> **Extracted material**:
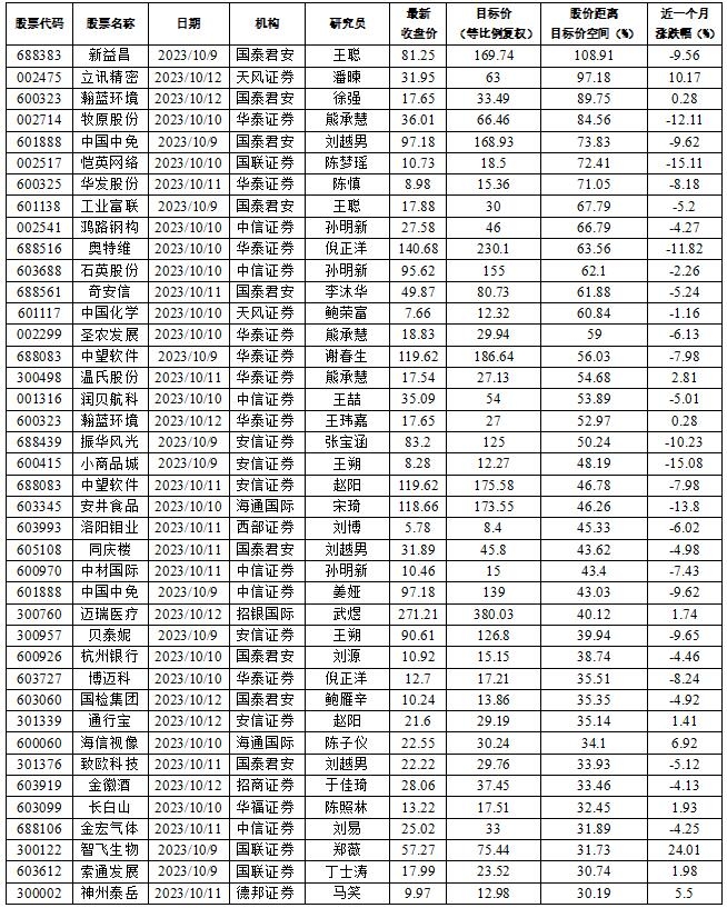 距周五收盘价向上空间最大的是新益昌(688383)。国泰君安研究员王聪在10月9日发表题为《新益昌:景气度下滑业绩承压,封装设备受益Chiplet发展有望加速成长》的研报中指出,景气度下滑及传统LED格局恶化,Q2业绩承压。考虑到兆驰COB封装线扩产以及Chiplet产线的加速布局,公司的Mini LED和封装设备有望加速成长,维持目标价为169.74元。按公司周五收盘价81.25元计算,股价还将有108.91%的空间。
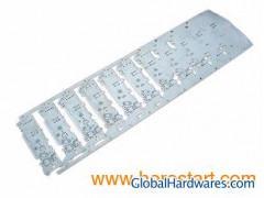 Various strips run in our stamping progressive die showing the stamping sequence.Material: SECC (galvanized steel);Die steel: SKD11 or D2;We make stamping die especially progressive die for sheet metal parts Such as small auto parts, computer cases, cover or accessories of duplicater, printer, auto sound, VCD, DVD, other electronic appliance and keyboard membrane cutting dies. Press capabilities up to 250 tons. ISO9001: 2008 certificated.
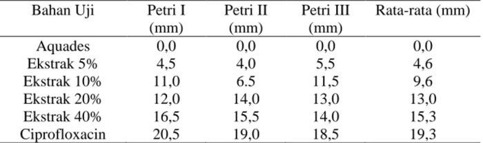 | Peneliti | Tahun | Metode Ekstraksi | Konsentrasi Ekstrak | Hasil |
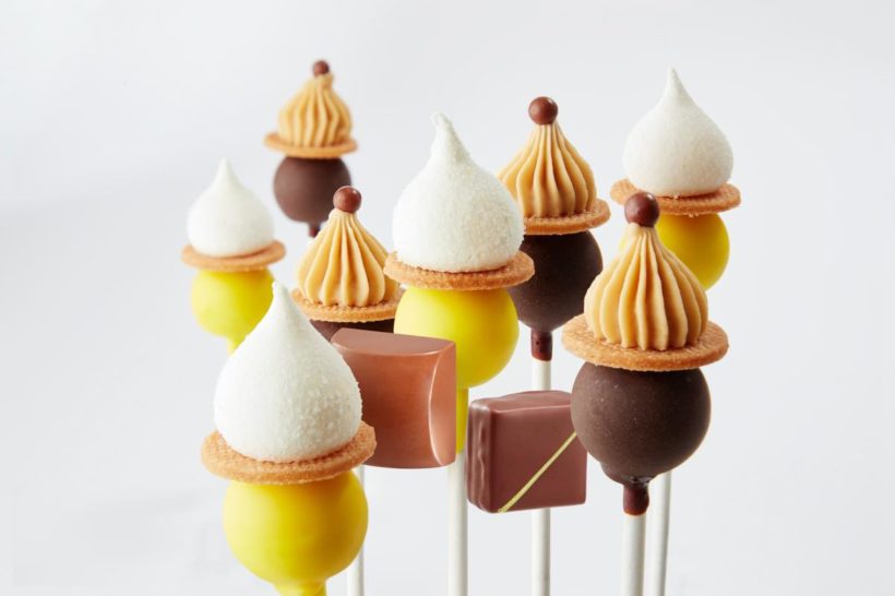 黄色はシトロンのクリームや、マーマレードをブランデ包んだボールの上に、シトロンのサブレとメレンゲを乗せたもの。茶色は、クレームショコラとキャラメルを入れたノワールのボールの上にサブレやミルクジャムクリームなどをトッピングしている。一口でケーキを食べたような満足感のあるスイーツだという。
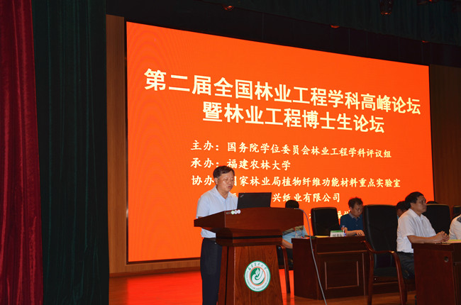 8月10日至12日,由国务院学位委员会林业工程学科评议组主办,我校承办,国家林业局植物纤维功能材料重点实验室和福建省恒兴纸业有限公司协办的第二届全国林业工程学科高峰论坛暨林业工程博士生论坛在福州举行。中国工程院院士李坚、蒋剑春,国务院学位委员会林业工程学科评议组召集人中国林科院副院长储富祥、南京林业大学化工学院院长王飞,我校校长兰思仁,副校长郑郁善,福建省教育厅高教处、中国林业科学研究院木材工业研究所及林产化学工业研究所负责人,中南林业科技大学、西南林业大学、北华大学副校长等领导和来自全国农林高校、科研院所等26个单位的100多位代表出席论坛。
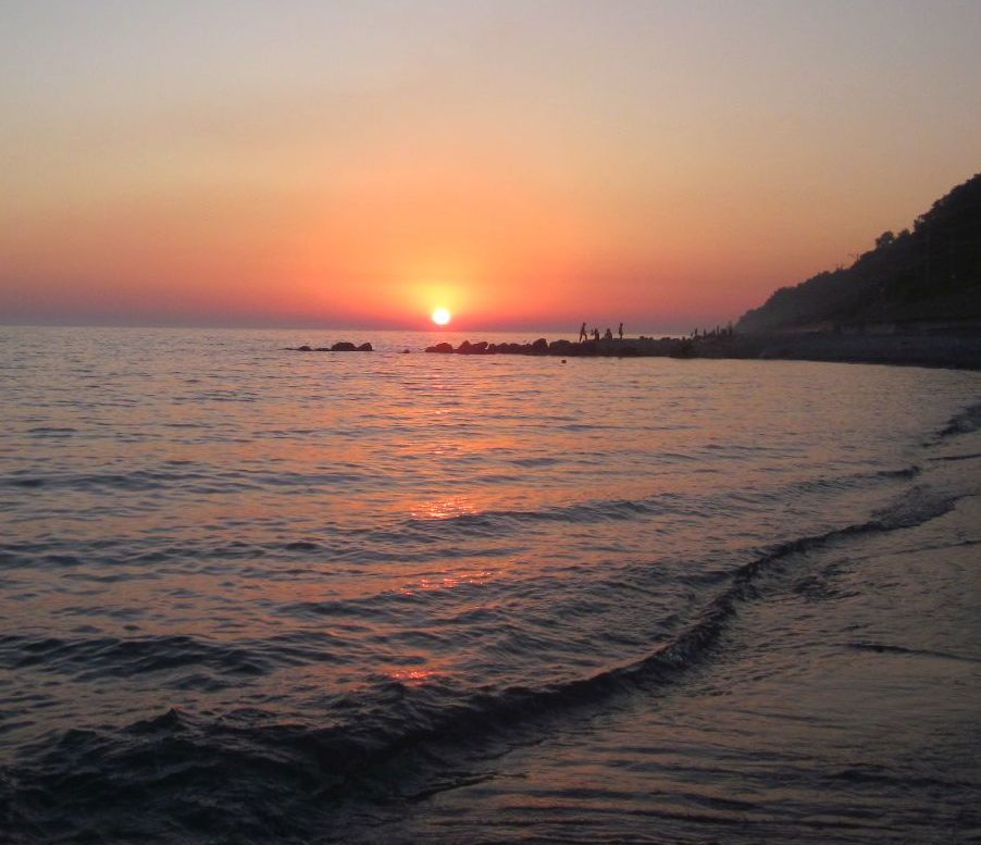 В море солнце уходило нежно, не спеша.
---
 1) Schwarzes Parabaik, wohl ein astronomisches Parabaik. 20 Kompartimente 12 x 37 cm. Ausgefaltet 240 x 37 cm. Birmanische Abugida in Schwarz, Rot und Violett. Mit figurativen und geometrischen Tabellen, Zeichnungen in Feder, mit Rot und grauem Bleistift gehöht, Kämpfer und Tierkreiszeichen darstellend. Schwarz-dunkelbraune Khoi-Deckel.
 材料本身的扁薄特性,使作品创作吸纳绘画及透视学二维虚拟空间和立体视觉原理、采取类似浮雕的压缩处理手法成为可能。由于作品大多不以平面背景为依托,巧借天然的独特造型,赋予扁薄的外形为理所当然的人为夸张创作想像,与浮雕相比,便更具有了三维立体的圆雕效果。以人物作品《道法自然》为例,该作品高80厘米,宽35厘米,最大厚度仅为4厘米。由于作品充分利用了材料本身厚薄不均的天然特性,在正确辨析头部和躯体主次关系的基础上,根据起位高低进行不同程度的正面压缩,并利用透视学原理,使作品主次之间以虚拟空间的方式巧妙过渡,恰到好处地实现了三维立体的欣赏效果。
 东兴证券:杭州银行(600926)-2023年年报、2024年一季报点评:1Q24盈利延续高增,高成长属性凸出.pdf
---
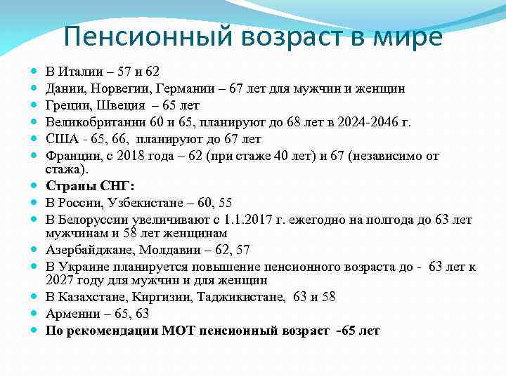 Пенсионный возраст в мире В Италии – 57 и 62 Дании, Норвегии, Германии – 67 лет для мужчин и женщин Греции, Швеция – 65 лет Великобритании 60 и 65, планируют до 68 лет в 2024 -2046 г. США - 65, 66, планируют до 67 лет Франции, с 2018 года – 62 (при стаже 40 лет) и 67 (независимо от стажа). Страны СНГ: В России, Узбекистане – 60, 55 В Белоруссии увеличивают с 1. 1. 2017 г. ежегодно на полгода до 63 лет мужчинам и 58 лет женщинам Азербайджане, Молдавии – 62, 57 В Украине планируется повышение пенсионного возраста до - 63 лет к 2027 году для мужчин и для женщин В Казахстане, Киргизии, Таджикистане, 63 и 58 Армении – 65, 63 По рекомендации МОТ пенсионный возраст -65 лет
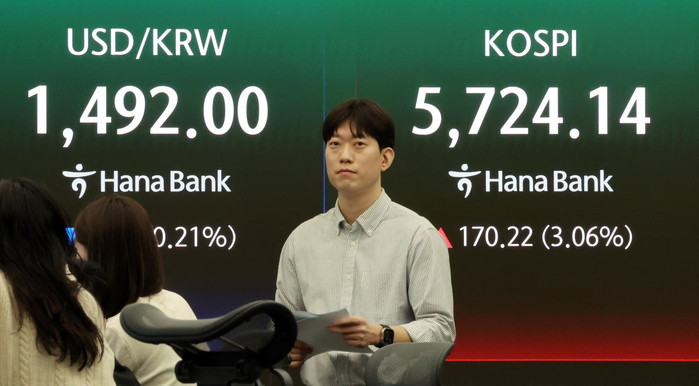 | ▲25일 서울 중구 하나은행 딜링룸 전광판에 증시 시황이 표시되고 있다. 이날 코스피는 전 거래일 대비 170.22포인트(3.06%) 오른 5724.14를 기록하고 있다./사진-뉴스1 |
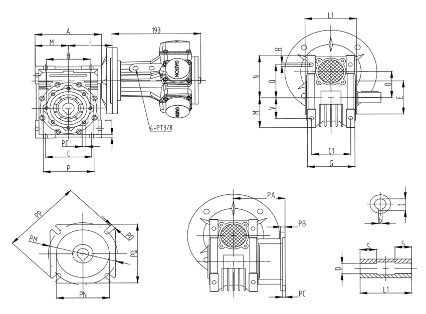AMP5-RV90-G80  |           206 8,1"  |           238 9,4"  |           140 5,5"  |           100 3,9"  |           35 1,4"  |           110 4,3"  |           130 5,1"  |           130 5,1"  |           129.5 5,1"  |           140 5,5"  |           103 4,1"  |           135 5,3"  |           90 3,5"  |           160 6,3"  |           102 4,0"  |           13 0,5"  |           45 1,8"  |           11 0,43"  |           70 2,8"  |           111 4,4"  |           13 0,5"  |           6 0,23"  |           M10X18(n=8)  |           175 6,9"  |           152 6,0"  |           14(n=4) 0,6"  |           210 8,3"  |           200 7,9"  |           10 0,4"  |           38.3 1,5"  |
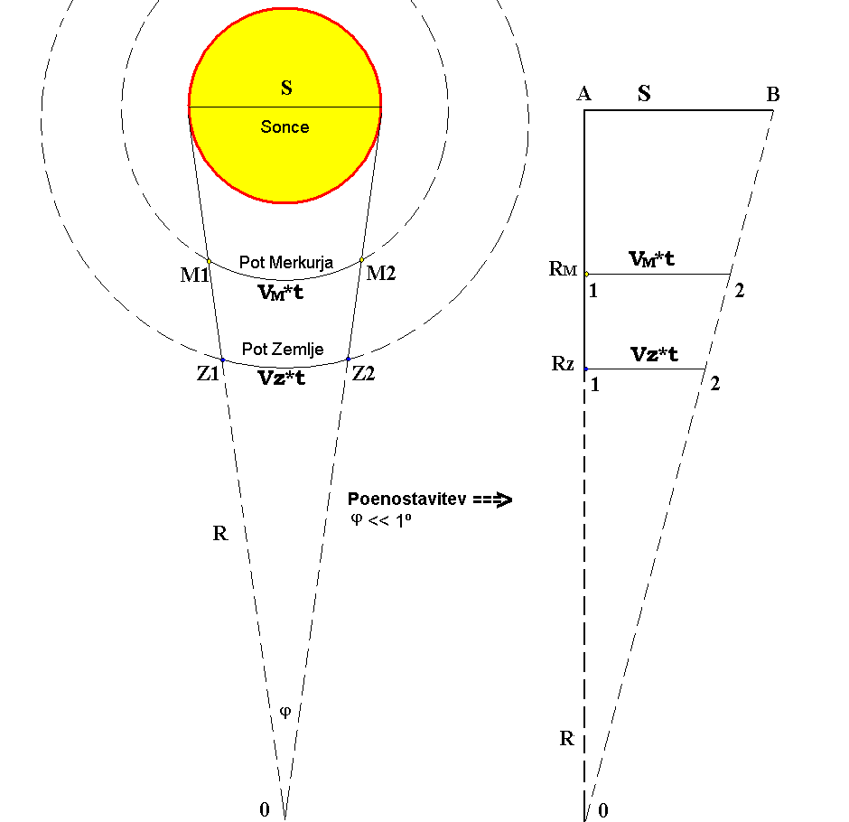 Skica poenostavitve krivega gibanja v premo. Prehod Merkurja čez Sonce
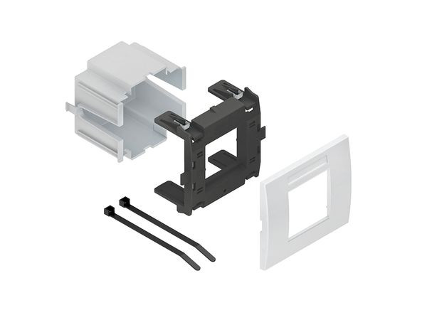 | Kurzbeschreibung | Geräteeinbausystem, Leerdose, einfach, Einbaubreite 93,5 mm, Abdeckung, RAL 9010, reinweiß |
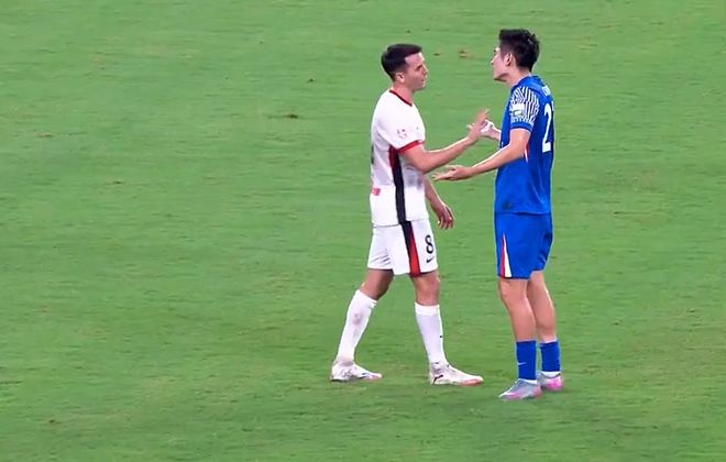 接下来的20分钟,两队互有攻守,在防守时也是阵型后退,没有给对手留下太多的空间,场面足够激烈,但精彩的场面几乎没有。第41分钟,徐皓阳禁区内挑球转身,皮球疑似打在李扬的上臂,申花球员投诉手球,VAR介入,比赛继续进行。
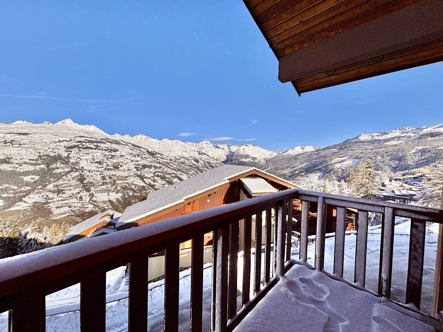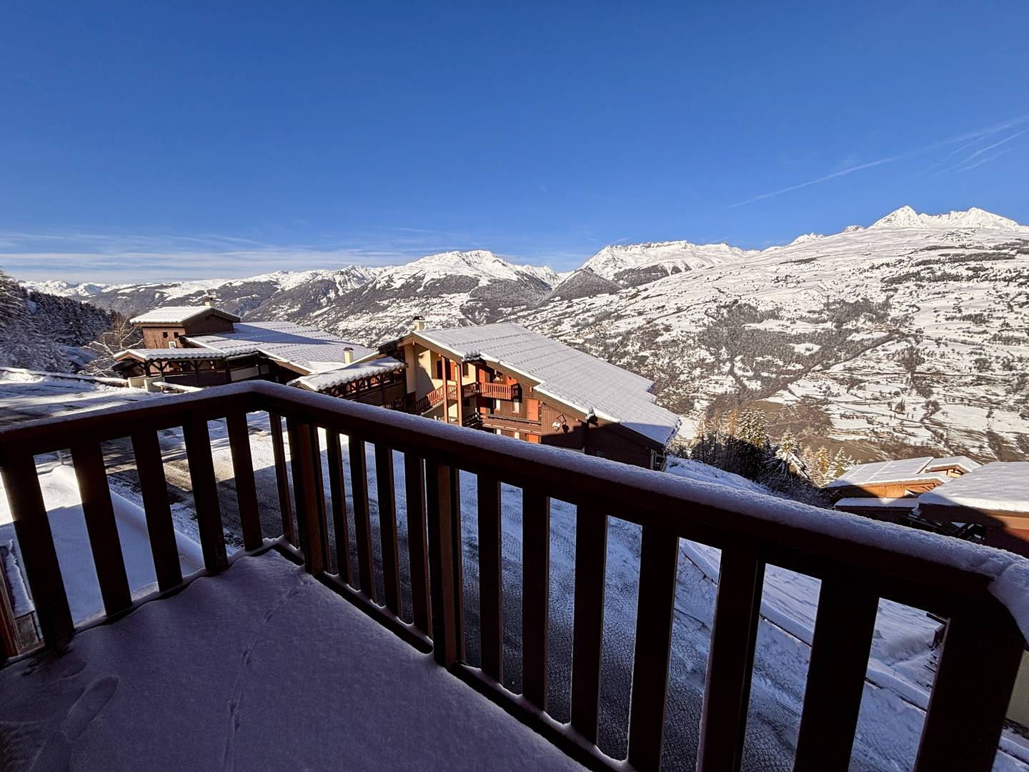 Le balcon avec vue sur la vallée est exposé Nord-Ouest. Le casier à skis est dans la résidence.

> **Prompt**: Pictures excluded, transcribe the listing above exactly from the line with "9010, reinweiß |" through the line with "Le balcon avec", and no further.

> **Written answer**:
 | Kurzbeschreibung | Geräteeinbausystem, Leerdose, einfach, Einbaubreite 93,5 mm, Abdeckung, RAL 9010, reinweiß |
 接下来的20分钟,两队互有攻守,在防守时也是阵型后退,没有给对手留下太多的空间,场面足够激烈,但精彩的场面几乎没有。第41分钟,徐皓阳禁区内挑球转身,皮球疑似打在李扬的上臂,申花球员投诉手球,VAR介入,比赛继续进行。
 Le balcon avec vue sur la vallée est exposé Nord-Ouest. Le casier à skis est dans la résidence.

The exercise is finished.